FlowCon: Out-of-Distribution Detection using Flow-Based Contrastive Learning
Saandeep Aathreya, Shaun Canavan
TL;DR
FlowCon tackles OOD detection by marrying normalizing flows with a supervised contrastive loss to learn class-conditioned densities on penultimate classifier features. The core idea is to maximize the flow-based likelihood while a Bhattacharyya-inspired contrastive loss enforces tight, class-specific clusters, yielding robust in-distribution coverage and clear separation from out-of-distribution samples. The approach trains a single flow model on fixed classifier features, avoiding retraining or external OOD data, and computes OOD scores from per-class density estimates, achieving strong performance across far-OOD, near-OOD, and mixed scenarios on CIFAR-10/100 with ResNet18 and WideResNet backbones. Empirical results, likelihood histograms, and UMAP visualizations demonstrate FlowCon’s discriminative density structure, class-preserving behavior, and practical viability for real-world deployment in vision tasks.
Abstract
Identifying Out-of-distribution (OOD) data is becoming increasingly critical as the real-world applications of deep learning methods expand.
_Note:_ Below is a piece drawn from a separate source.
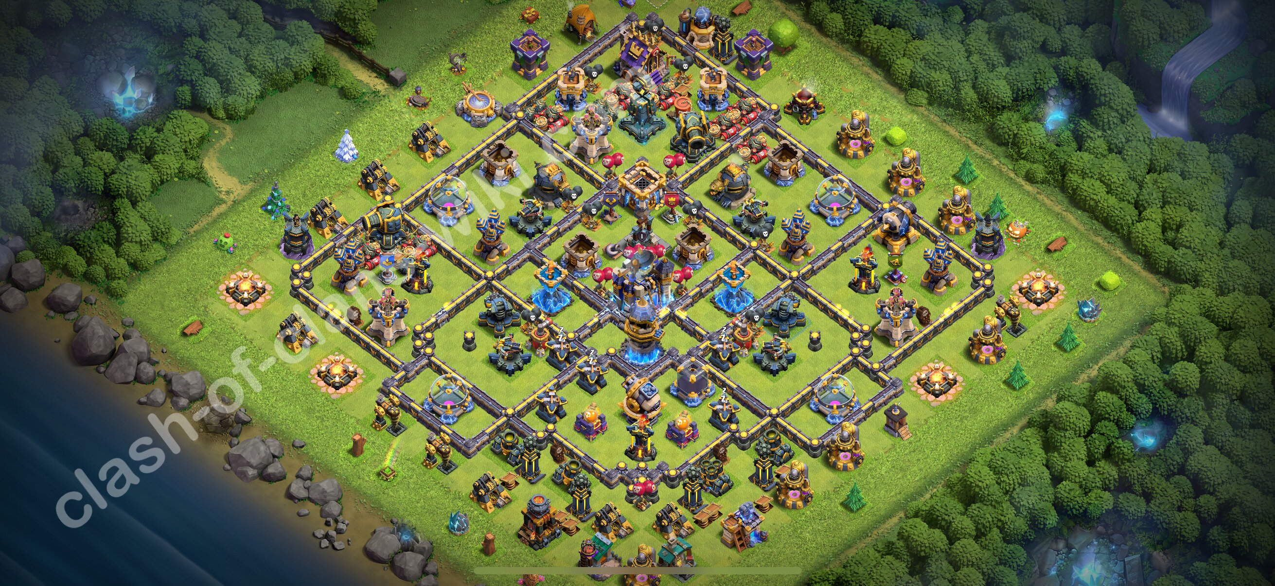 Efficient base plan (layout / design) variant for defense (to collect trophies) Town Hall 18 / TH 18.

Post-hoc methods modify softmax scores fine-tuned on outlier data or leverage intermediate feature layers to identify distinctive patterns between In-Distribution (ID) and OOD samples. Other methods focus on employing diverse OOD samples to learn discrepancies between ID and OOD. These techniques, however, are typically dependent on the quality of the outlier samples assumed. Density-based methods explicitly model class-conditioned distributions but this requires long training time or retraining the classifier. To tackle these issues, we introduce \textit{FlowCon}, a new density-based OOD detection technique. Our main innovation lies in efficiently combining the properties of normalizing flow with supervised contrastive learning, ensuring robust representation learning with tractable density estimation. Empirical evaluation shows the enhanced performance of our method across common vision datasets such as CIFAR-10 and CIFAR-100 pretrained on ResNet18 and WideResNet classifiers. We also perform quantitative analysis using likelihood plots and qualitative visualization using UMAP embeddings and demonstrate the robustness of the proposed method under various OOD contexts. Code will be open-sourced post decision.